Apollos had everything going for him.

He was brilliant. Educated in Alexandria — one of the great intellectual centers of the ancient world. He was a gifted communicator, trained in rhetoric, and he knew the Scriptures deeply. He believed in Jesus. He preached boldly. And by every outward measure, he was doing great.

But there was a gap in what Apollos knew. And if Priscilla and Aquila hadn’t pulled him aside, that gap might have stayed there.

Luke tells us in Acts 18 that when this couple heard Apollos teaching in the synagogue at Ephesus, they recognized both his gifts and his blind spots. They didn’t embarrass him publicly or run him off. They took him aside and explained the way of God more accurately. And Apollos — gifted, educated, passionate Apollos — was humble enough to let them.

That moment changed everything for him. Apollos went on to Corinth and powerfully helped those who had believed, publicly demonstrating from the Scriptures that Jesus was the Messiah.

What made the difference? Someone was willing to invest in him, and he was willing to be taught.

The Gap Nobody Talks About

I spent a lot of years as a Christian who was passionate about Jesus but had no idea how to actually follow him. I didn’t know how to study the Bible, share my faith, or pray with any depth. I wasn’t lazy about it.
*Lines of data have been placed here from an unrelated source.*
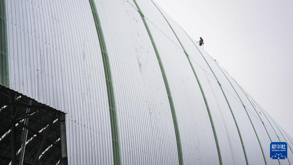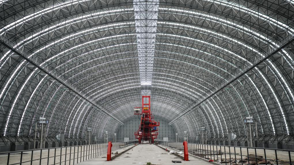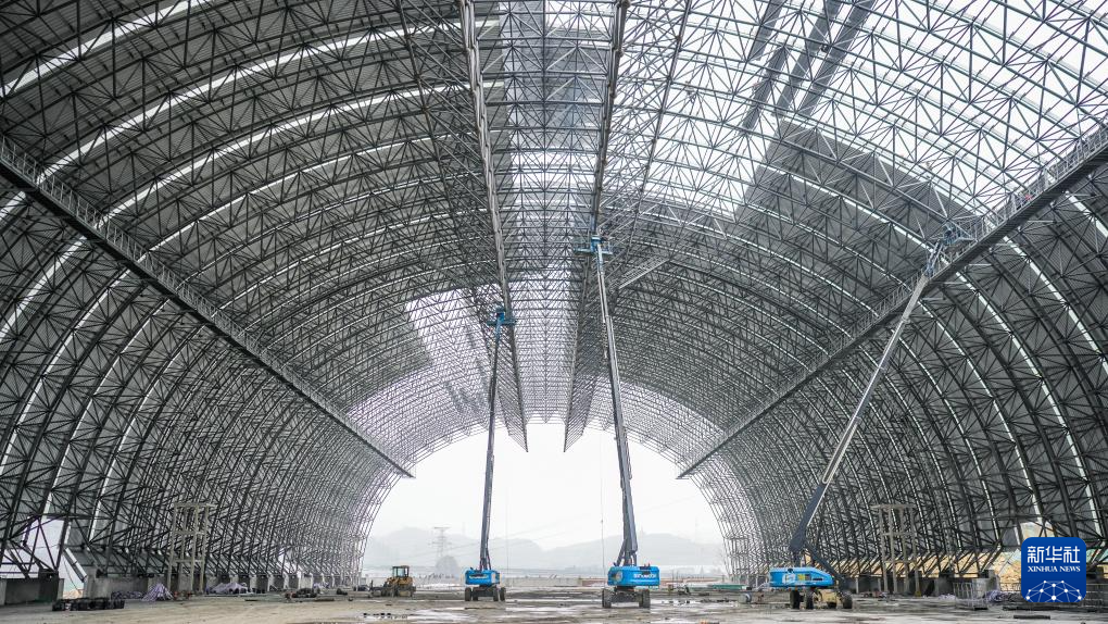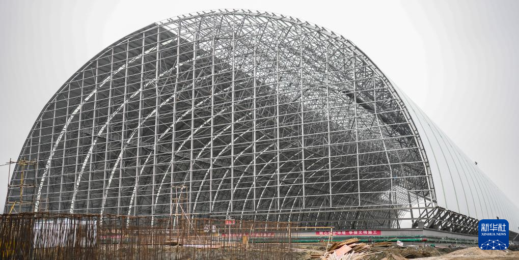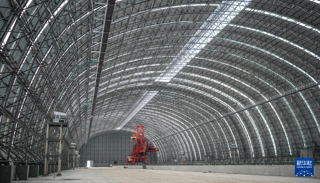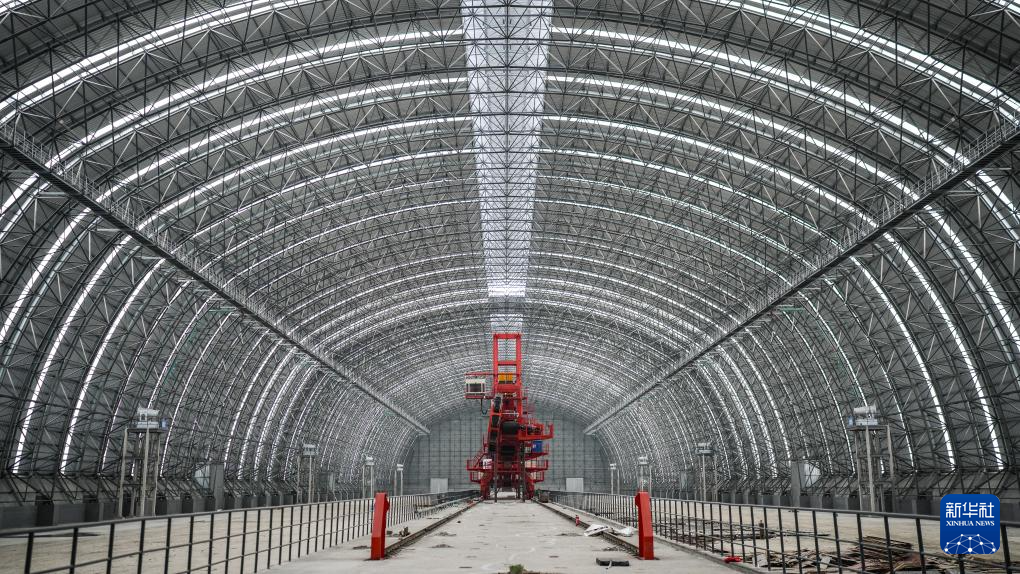 主体结构建设完成的六盘水市水城区煤炭储配基地1号储煤场(11月22日摄)。
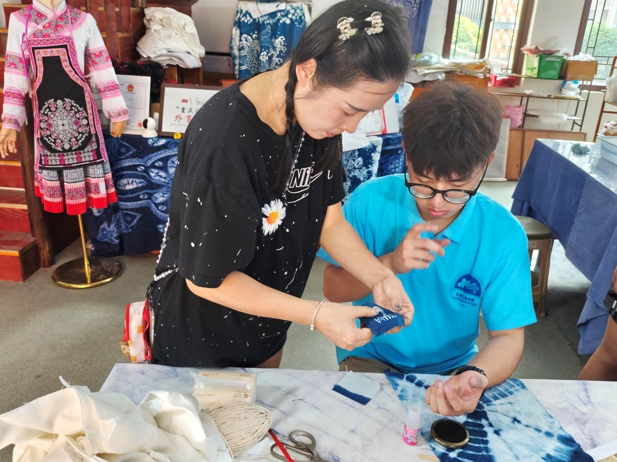 在非遗传承人冉媛女士的专业指导下,实践团成员系统学习了蜡染、扎染、苗绣、剪纸等传统手工艺的制作技法。团队成员详细观摩了蜡染发卡、簪子、手链、钥匙扣、披肩等工艺品的制作流程,深入了解蜡染技艺的完整工艺体系。
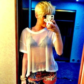 La más reciente la muestra con una blusa que deja ver su ropa interior, así como con un pantalón ajustado y botas.
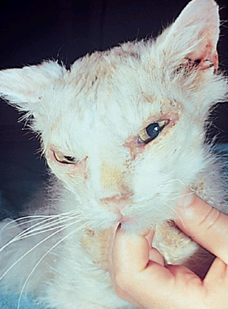 Фото 5.Вирусная лейкемия кошек. Эксфолиативные поражения морды и слизистокожные изьязвления у кошки с дерматитом, вызванным лейкемией кошек.

I just didn’t know what I didn’t know.

Until someone showed me.

One-on-one discipleship was the missing piece in my walk with Jesus. And when it finally happened, it wasn’t complicated. But it was both life-changing and simple. It was just someone further down the road making time to walk with me.
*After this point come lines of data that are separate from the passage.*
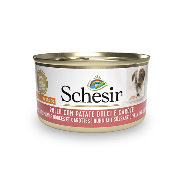 Una ricetta Schesir a base di pollo, patate dolci e carote, completata da una salsa vellutata e irresistibile. Un pasto sfizioso che stuzzicher ancor di pi la voglia di gusto naturale del tuo cane!
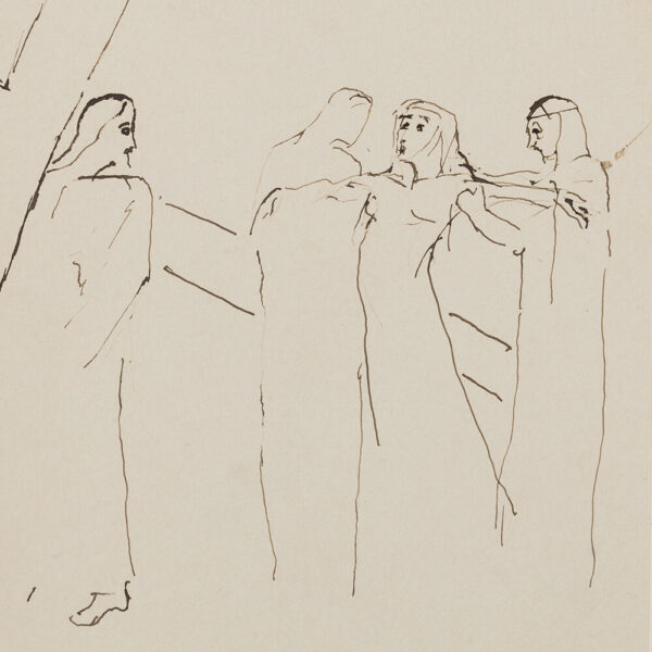 Black pen and ink on fine paper, laminated on wove paper (papier vélin), Germany, probably late 1920s, image dimensions: approx. 17 x 14 cm; sheet dimensions: 20 x 14.7 cm, image carrier: 44.9 x 34.9 cm, dynamic, fleetingly drawn composition probably depicting a scene from the Passion of Christ
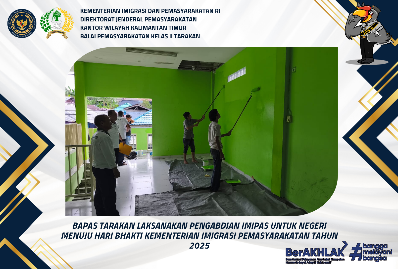 Tarakan-Menindaklanjuti Keputusan Menteri Imigrasi dan Pemasyarakatan Nomor: MIP.HK-03.02.78 tentang Penetapan Hari Lahir Kementerian Imigrasi dan Pemasyarakatan, Balai Pemasyarakatan Kelas II Tarakan baru saja melaksanakan melaksanakan program “Pengabdian IMIPAS Untuk Negeri” yang berfokus pada kegiatan perbaikan sarana dan prasarana umum, pada Jumat (14/11/2025).
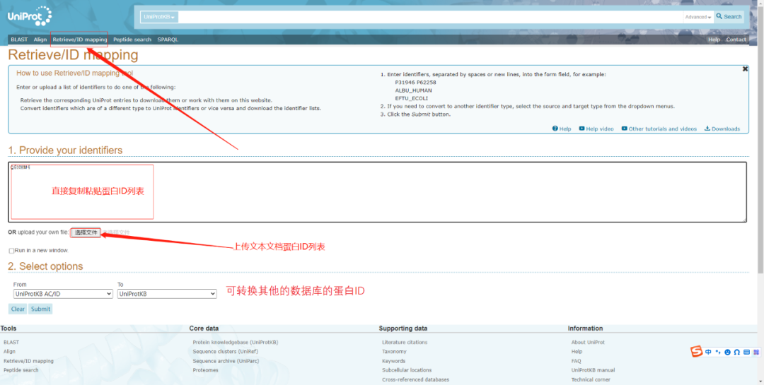 假如需要查詢(xún)的蛋白較多,則可以通過(guò)點(diǎn)擊首行任務(wù)欄Retrieve/ID mapping,如下圖,查詢(xún)蛋白列表可直接粘貼在下圖1. Provide your identifiers文本框中,也可以將蛋白ID單列粘貼于TXT文本中提交到網(wǎng)站。另外該頁(yè)面2. Select options 還可提供ID轉(zhuǎn)換功能,支持多種數(shù)據(jù)庫(kù)間的ID轉(zhuǎn)換。

That’s exactly what Priscilla and Aquila did for Apollos. They weren’t apostles. They were a married couple who loved Jesus and knew the Word — and they were paying close enough attention to notice when someone needed help.

Two Things Discipleship Requires

Here’s what I keep coming back to in this passage: discipleship requires two things working at the same time. Someone willing to invest, and someone humble enough to receive it.

Apollos could have bristled. He could have pointed to his credentials or defended his track record. Instead, he listened. He learned. And God used him in ways that outlasted any single sermon or synagogue visit.

Following Jesus isn’t a solo project. It never has been. The early church grew the way it did not just because people preached boldly in public, but because people poured their lives into each other in private.

One Conversation at a Time

If you’re a follower of Jesus, two questions are worth sitting with this week:

Is there someone in your life who is pouring into you? Helping you grow in places you can’t see on your own?

And is there someone you could pull aside and help? Someone with passion and gifts, but gaps you might be able to help fill?

The word of the Lord increases and prevails mightily (Acts 19:20). But it does so one conversation at a time.